● Exercise
Return the data verbatim, without pictures.

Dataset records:
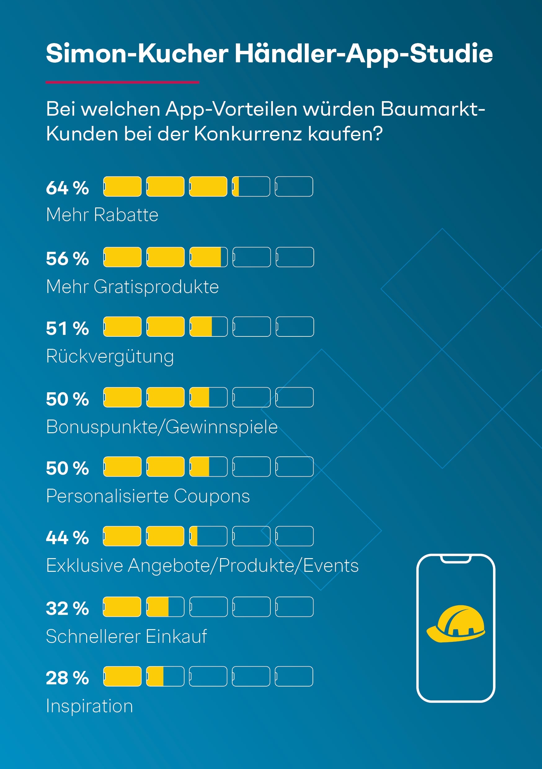 - 64 % testen wegen ihrer Baumarkt-App mehr neue Produkte; bei Rabatten sind es sogar 73 %
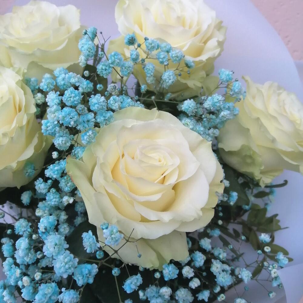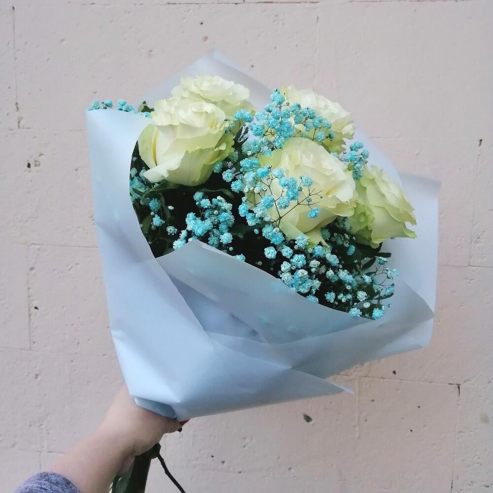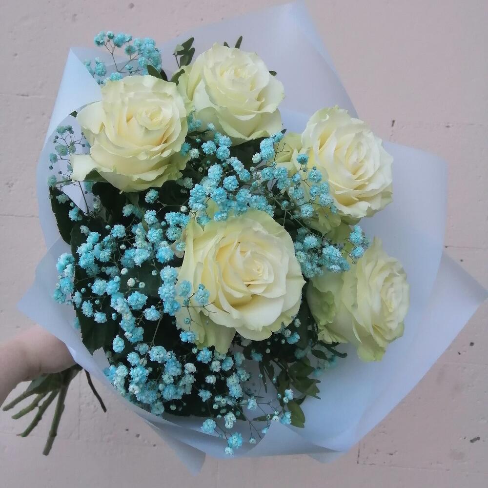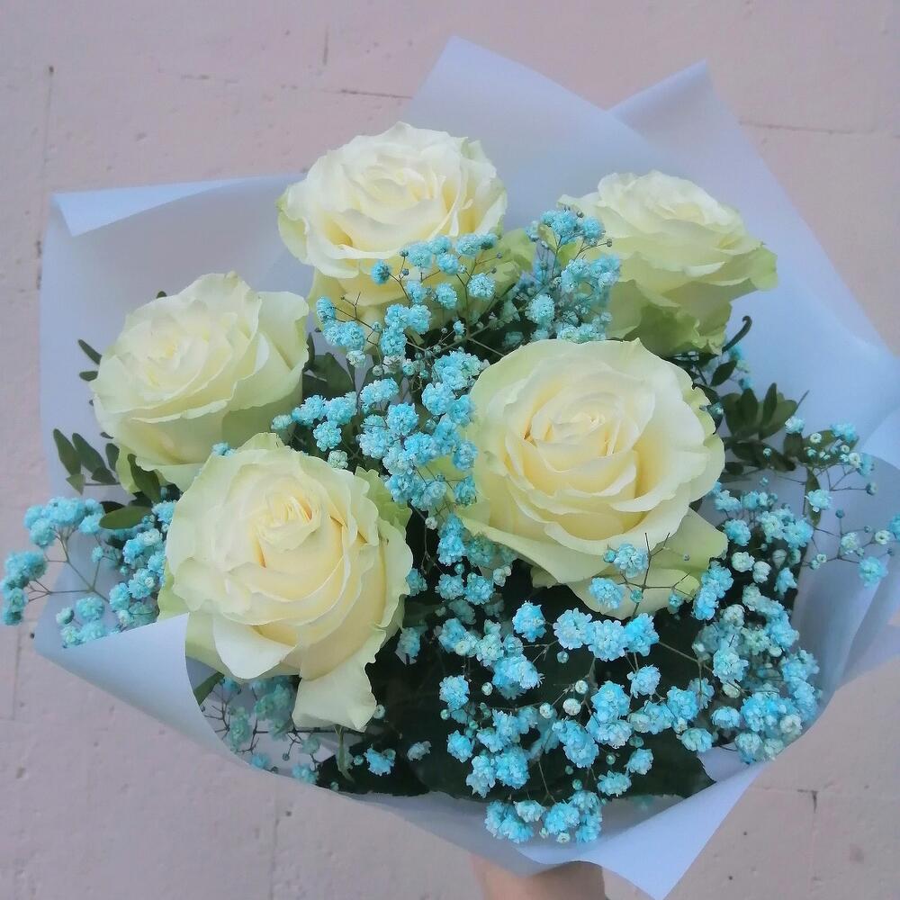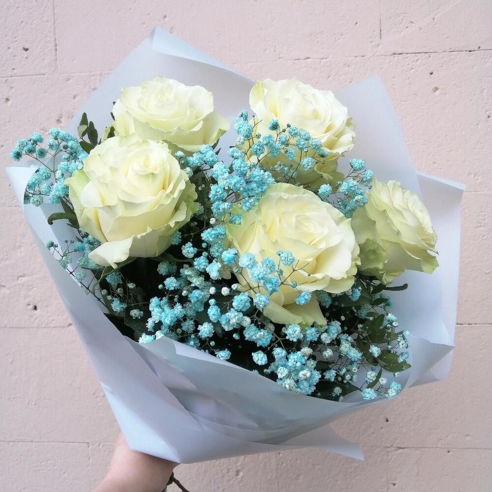 Лента – 1 шт.Роза Эквадор – 5 шт.Упаковка – 2 шт.Гипсофила голубая – 1 шт.зелень декоративная – 1 шт.
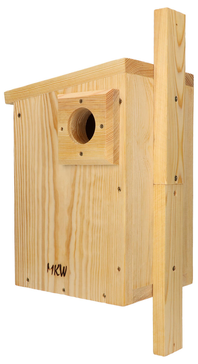 Ett hus för ekorrar som skyddar mot regn och vind och där de kan vila och sova. Tillverkad av slitstarkt, massivt FSC-certifierat trä som är behandlat med 2 lager luktfri linolja. Dräneringshål i botten hjälper till att släppa ut vatten ur huset. Frontpanelen är öppningsbar. Ingångshål på 5 cm och en extra platta som skyddar ingångshålet medföljer. Levereras färdigmonterat med rostfria skruvar.
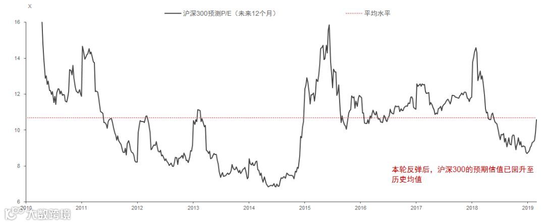 沪深300指数预期P/E已回升至其2010年以来均值附近
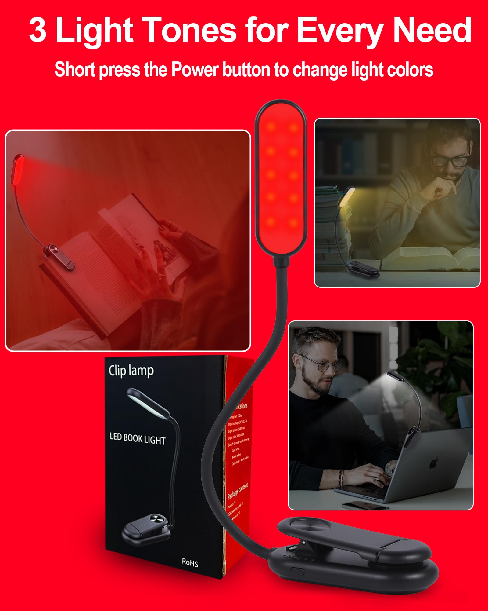 - Ultra-Long Lasting Portable Clip-On Rechargeable Book Light: Enjoy 50+ hours in red mode! Features USB-C charging for your rechargeable book light. The book light clip on design with 360° flexible neck and ultra-lightweight (2.6oz) design make it perfect for travel, camping, or bedside reading
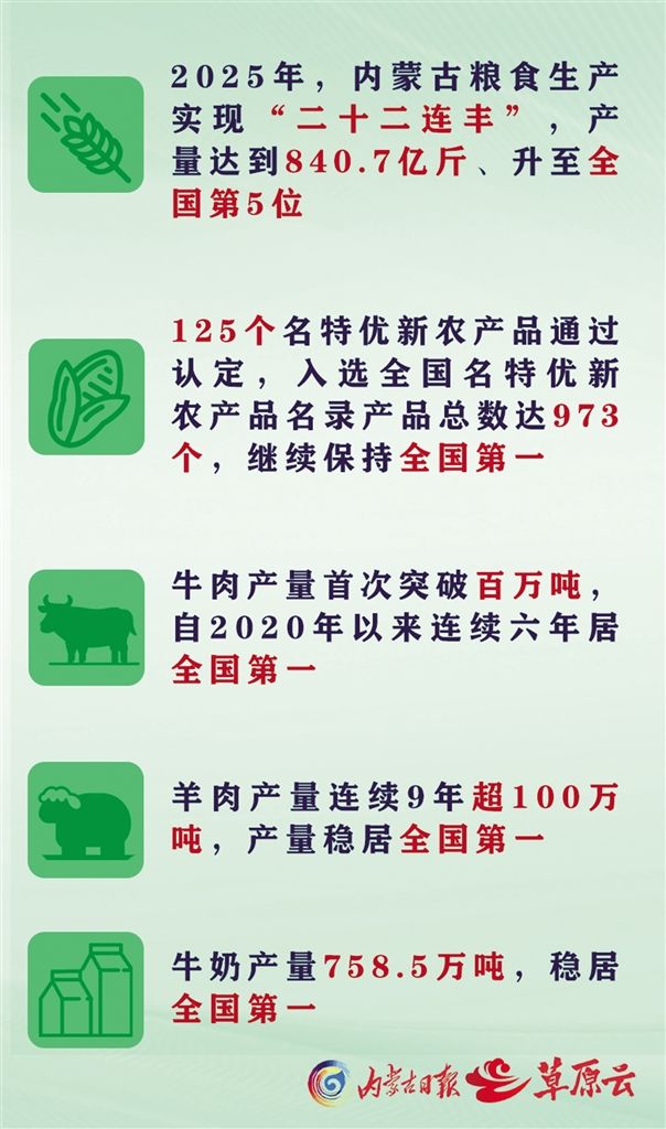向陽村的生動實踐,體現(xiàn)出內蒙古現(xiàn)代農(nóng)牧業(yè)蓬勃發(fā)展的堅實步伐?;赝?025年,“糧倉”根基更加堅實:糧食播種面積穩(wěn)定在1億畝以上,糧食生產(chǎn)實現(xiàn)“二十二連豐”,產(chǎn)量達到840.7億斤、升至全國第5位;向日葵、谷子、大豆等品種選育全國領先;125個名特優(yōu)新農(nóng)產(chǎn)品通過認定,入選全國名特優(yōu)新農(nóng)產(chǎn)品名錄產(chǎn)品總數(shù)達973個,繼續(xù)保持全國第一。
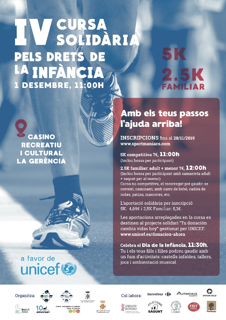 Artículo 6º. El dinero recaudado en la inscripción de la 5k se destinará 4.69 € a UNICEF, el resto del dinero se destina a los gastos de gestión, seguro de asistencia y chip. De los 7€ de la inscripción en la carrera 2.5K familiar se destinan 5.3 € a UNICEF, el resto se destina al seguro y gastos de gestión.
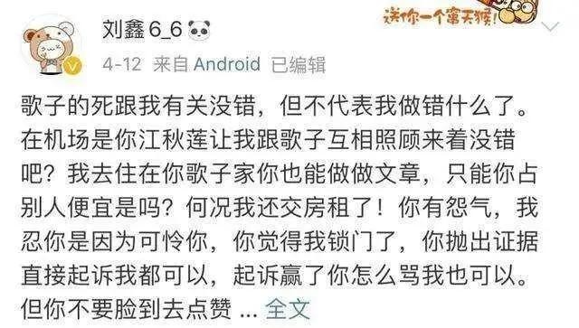 1. 刘鑫非常擅长扮软弱,而她的软弱是有条件的,那就是必须对方是能够威胁她,或是她能够利用上的。在江歌案事发后的三百多天中,她从未对江母表示出任何友善与仁慈,甚至多番言语挑衅,刺激江母,因为她觉得江母不会威胁到她。对于救命恩人与挚友江歌,她也曾极力撇清关系,说过“一开始不认识江歌就好了”“江歌死是她命短”。
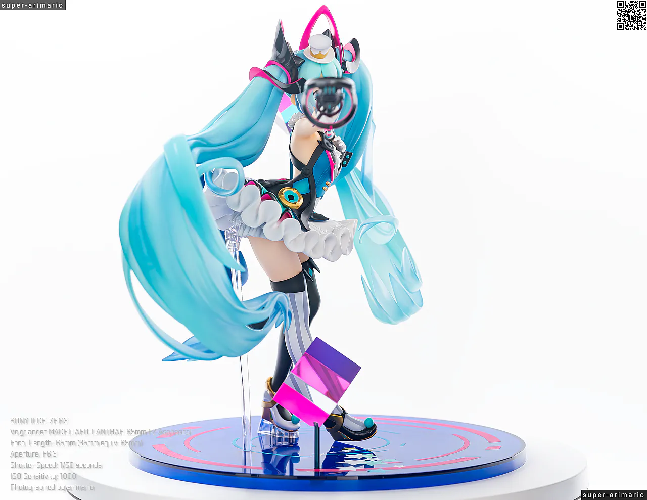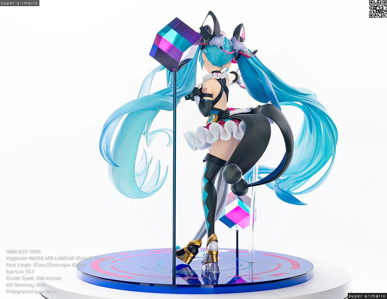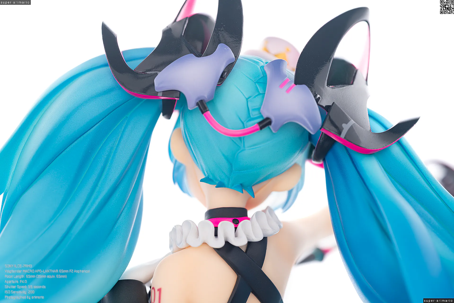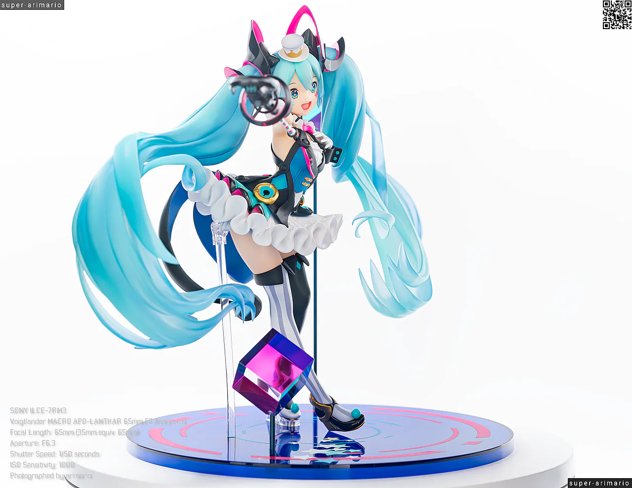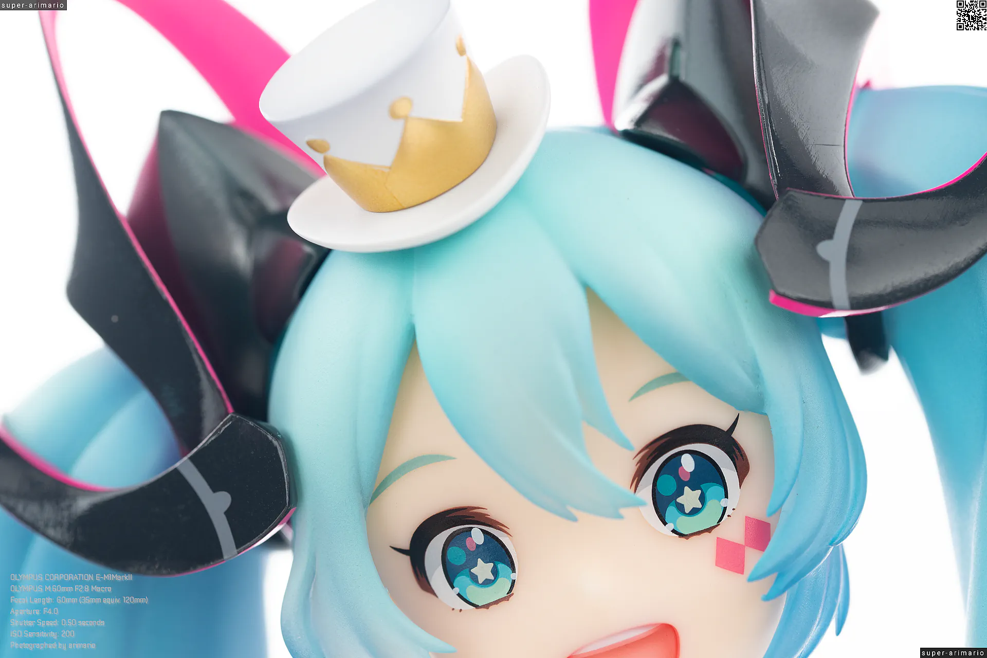 頭部には白とゴールドのマジシャンハットに加えて、ツヤっとしたブラックとネオンピンクの髪飾りが付属。猫耳モチーフなのかな。これは3パーツに分割されており、左右パーツを本体に差し込んだあと、後頭部側パーツを磁石で固定するという面白い構造になっています。ただ、このパーツはイマイチ据わりが良くないのと、塗装に値段なりのチープさを感じますね😓
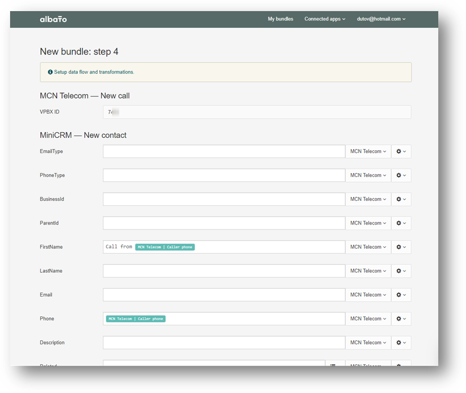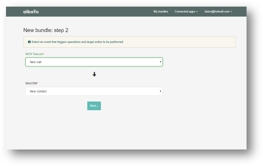 Elsősorban el kell végezni a regisztrációt az Albato weboldalán, ami ingyenes. Ezután kattintsunk a «Connected apps» majd válasszuk ki az MCN Telecomot és a miniCRM-et.

● Expected answer
 - 64 % testen wegen ihrer Baumarkt-App mehr neue Produkte; bei Rabatten sind es sogar 73 %
 Лента – 1 шт.Роза Эквадор – 5 шт.Упаковка – 2 шт.Гипсофила голубая – 1 шт.зелень декоративная – 1 шт.
 Ett hus för ekorrar som skyddar mot regn och vind och där de kan vila och sova. Tillverkad av slitstarkt, massivt FSC-certifierat trä som är behandlat med 2 lager luktfri linolja. Dräneringshål i botten hjälper till att släppa ut vatten ur huset. Frontpanelen är öppningsbar. Ingångshål på 5 cm och en extra platta som skyddar ingångshålet medföljer. Levereras färdigmonterat med rostfria skruvar.
 沪深300指数预期P/E已回升至其2010年以来均值附近
 - Ultra-Long Lasting Portable Clip-On Rechargeable Book Light: Enjoy 50+ hours in red mode! Features USB-C charging for your rechargeable book light. The book light clip on design with 360° flexible neck and ultra-lightweight (2.6oz) design make it perfect for travel, camping, or bedside reading
向陽村的生動實踐,體現(xiàn)出內蒙古現(xiàn)代農(nóng)牧業(yè)蓬勃發(fā)展的堅實步伐?;赝?025年,“糧倉”根基更加堅實:糧食播種面積穩(wěn)定在1億畝以上,糧食生產(chǎn)實現(xiàn)“二十二連豐”,產(chǎn)量達到840.7億斤、升至全國第5位;向日葵、谷子、大豆等品種選育全國領先;125個名特優(yōu)新農(nóng)產(chǎn)品通過認定,入選全國名特優(yōu)新農(nóng)產(chǎn)品名錄產(chǎn)品總數(shù)達973個,繼續(xù)保持全國第一。
 Artículo 6º. El dinero recaudado en la inscripción de la 5k se destinará 4.69 € a UNICEF, el resto del dinero se destina a los gastos de gestión, seguro de asistencia y chip. De los 7€ de la inscripción en la carrera 2.5K familiar se destinan 5.3 € a UNICEF, el resto se destina al seguro y gastos de gestión.
 1. 刘鑫非常擅长扮软弱,而她的软弱是有条件的,那就是必须对方是能够威胁她,或是她能够利用上的。在江歌案事发后的三百多天中,她从未对江母表示出任何友善与仁慈,甚至多番言语挑衅,刺激江母,因为她觉得江母不会威胁到她。对于救命恩人与挚友江歌,她也曾极力撇清关系,说过“一开始不认识江歌就好了”“江歌死是她命短”。
 頭部には白とゴールドのマジシャンハットに加えて、ツヤっとしたブラックとネオンピンクの髪飾りが付属。猫耳モチーフなのかな。これは3パーツに分割されており、左右パーツを本体に差し込んだあと、後頭部側パーツを磁石で固定するという面白い構造になっています。ただ、このパーツはイマイチ据わりが良くないのと、塗装に値段なりのチープさを感じますね😓
 Elsősorban el kell végezni a regisztrációt az Albato weboldalán, ami ingyenes. Ezután kattintsunk a «Connected apps» majd válasszuk ki az MCN Telecomot és a miniCRM-et.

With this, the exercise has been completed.